WIEN taz | Welk und viel zu klein steht der Mais auf den Feldern Niederösterreichs. Die Kartoffelernte ist ungewiss, die Milchkühe auf den Almweiden finden nicht mehr genug frisches Gras. Österreichs Landwirtschaft leidet unter einer historischen Dürre. Vereinzelte Niederschläge am vergangenen Wochenende haben in manchen Gebieten mehr Schaden als Nutzen angerichtet.
Anfang Juni standen noch weite Landstriche in Salzburg, Oberösterreich und Niederösterreich unter Wasser. Auf das zweite „Jahrhunderthochwasser“ binnen elf Jahren folgte der trockenste Juli seit 155 Jahren. Letzte Woche wurden mit über 40 Grad die höchsten Temperaturen seit Beginn der meteorologischen Aufzeichnungen im 18. Jahrhundert gemessen. Das bringt viele Landwirte in Existenzkrisen.
Der Mais will nicht wachsen. Auch Soja und Sonnenblumen – Herbstkulturen wie der Mais – gedeihen unter der Hitze nicht. „Alles, was jetzt noch auf dem Feld ist, leidet bei Temperaturen um 40 Grad Celsius und hat das Wachstum eingestellt“, sagt Franz Stefan Hautzinger, Aufsichtsratschef der zentralen Markt- und Preisberichterstattungsstelle Agrarmarkt Austria (AMA).
Mehr als ein Drittel der Getreideanbaufläche Österreichs – 314.000 von landesweit 887.000 Hektar – entfällt auf Mais, der in erster Linie als Viehfutter Verwendung findet. 2012 wurden gute 2,3 Millionen Tonnen Mais geerntet. Für dieses Jahr werden maximal 1,9 Millionen Tonnen erwartet. In der Steiermark erwartet man massive Ausfälle der Kürbis- und Sonnenblumenernte. Auch der Holunder konnte sich nicht entwickeln.
In den Salzburger Regionen Lungau, Pinzgau und Pongau müssen die Kühe sechs Woche früher als üblich von der Alm geholt werden. Denn die sonst satten Bergwiesen sind trocken und abgegrast. Die Almböden können Feuchtigkeit nicht speichern. Viele Milchbauern mussten daher bereits beginnen, die Wintervorräte zu verfüttern.
Einfluss auf Milchpreis
Besonders betroffen sind Bioproduzenten. Almkühe, die sonst 20 bis 25 Liter Milch täglich liefern, geben jetzt nur mehr 10 bis 15 Liter. Insgesamt rechnet die Molkereiwirtschaft mit Produktionsrückgängen von 40 Prozent. „Das alles hat natürlich Einfluss auf den Milchpreis“, meint Stefan Lindner, Obmann der Tirol Milch. Mais und Kartoffeln werden kaum teurer werden, schätzen Experten, da weltweit genug geerntet wurde.

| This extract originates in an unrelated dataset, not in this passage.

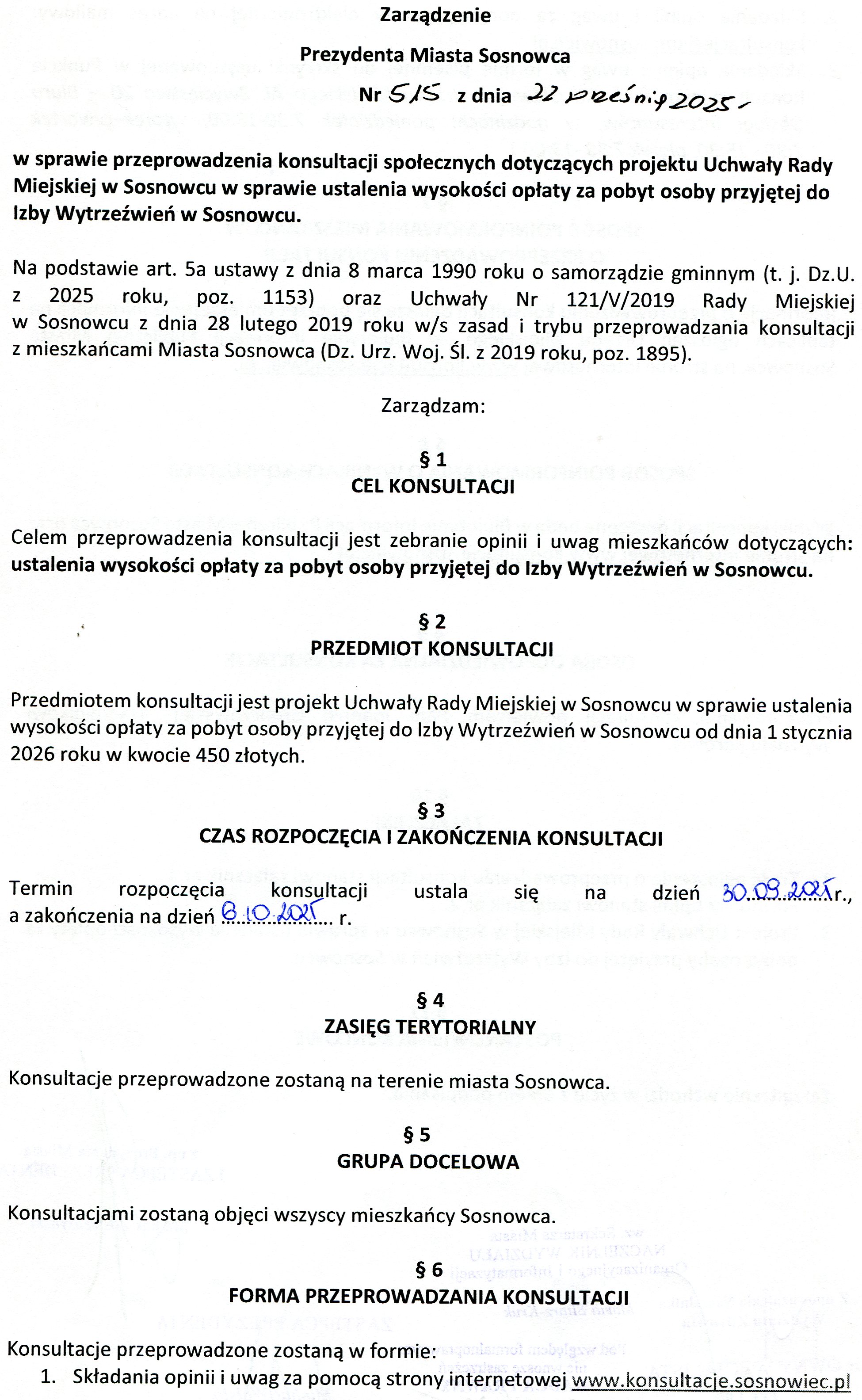Na podstawie art. 5a ustawy z dnia 8 marca 1990 roku o samorządzie gminnym (t. j. Dz.U. z 2025 roku, poz. 1153) oraz Uchwały nr 121/V/2019 Rady Miejskiej w Sosnowcu z dnia 28 lutego 2019 roku w/s zasad i trybu przeprowadzania konsultacji z mieszkańcami Miasta Sosnowca (Dz. Urz. Woj. Śl. z 2019 roku, poz. 1895).
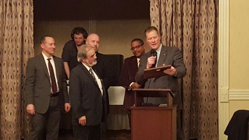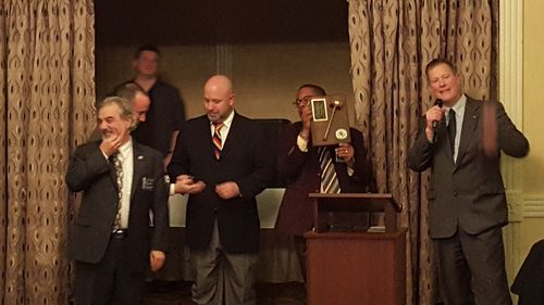 And then the usual goof-balling around as Joe is given a series of gifts and tokens of his service. Mike is demonstrating how to use a gavel…

In Österreich wird Ende September gewählt. Deswegen zog es letzte Woche auch Bundeskanzler Werner Faymann (SPÖ) und seinen Koalitionspartner Michael Spindelegger (ÖVP) auf die Felder, wo sie sich mit besorgter Miene neben dürren Maisstauden und verzweifelten Landwirten ablichten ließen.
Nur ein Teil der Schäden wird durch die Hagelversicherung abgedeckt. Landwirtschaftsminister Nikolaus Berlakovich (ÖVP) stellt daher ein Hilfspaket in Aussicht, das sich aus Stundung von Krediten, Zuschüssen und Futtermittelankäufen zusammensetzt.